*** Opening of DATASET EXCERPT ***
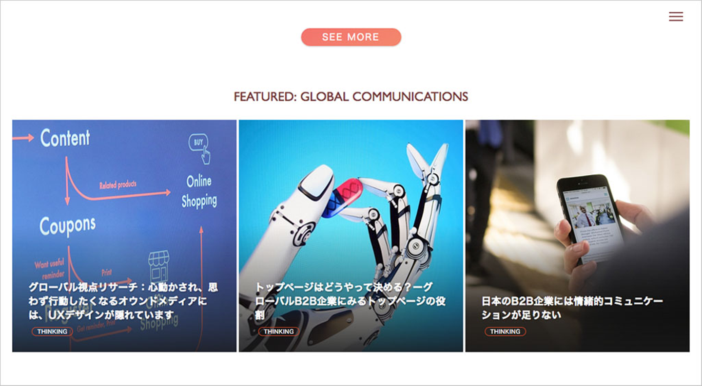 TOPページの記事一覧で過去記事が埋もれてしまうため、FEATUREDエリアを新設し、任意の記事コンテンツをPUSHできるように改善。特に今回は、弊社クリエイティブディレクターのJamesが執筆したグローバルコミュニーケーションに関連した記事を特集しました。
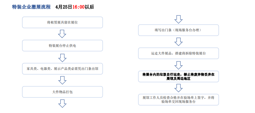 - 提示:每天閉館前,請自覺處理好展位內的物品(重要資料可打包寄存或帶走,貴重物品請隨身攜帶),以免丟失,撤展期間尤其要重視。
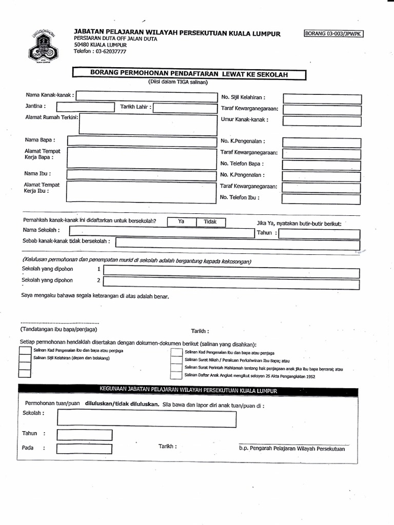 Memudahkan permohonan ke tahun 1 dan sekolah kawalan tanpa ibu bapa pelajar perlu mengisi borang manual. Bagi peserta yang memilih kelas reguler, syaratnya haruslah lulusan 3 tahun terakhir. Dibuka pendaftaran pada 1 mac. Jantina (j) l = lelaki p = perempuan. Permohonan murid tahun 1 (darjah 1) ambilan tahun 2020 dan 2021 akan dibuka secara online (atas talian). Manual pengguna sistem pendaftaran dalam talian. Panduan mengisi borang permohonan (ahl) pendaftaran. Ibu bapa perlu pergi ke pejabat pendidikan daerah dan mengisi borang asbs. Semakan keputusan kemasukan murid ke tahun 1. Pemimpin bil nama penuh (huruf besar). Sila lekatkan gambar terkini anda di sini. · klik (b) cetak borang permohonan untuk tujuan pengesahan ketua jabatan. Sila draf acara peserta dalam borang ini sebagai panduan untuk pendaftaran dalam komputer.
*** Close of DATASET EXCERPT ***
• REQUIREMENT: Please output exactly the lines of the data above, from its first line through the line with "- 提示:每天閉館前,請自覺", and nothing else; drop the pictures.

• TASK RESULT:
 TOPページの記事一覧で過去記事が埋もれてしまうため、FEATUREDエリアを新設し、任意の記事コンテンツをPUSHできるように改善。特に今回は、弊社クリエイティブディレクターのJamesが執筆したグローバルコミュニーケーションに関連した記事を特集しました。
 - 提示:每天閉館前,請自覺處理好展位內的物品(重要資料可打包寄存或帶走,貴重物品請隨身攜帶),以免丟失,撤展期間尤其要重視。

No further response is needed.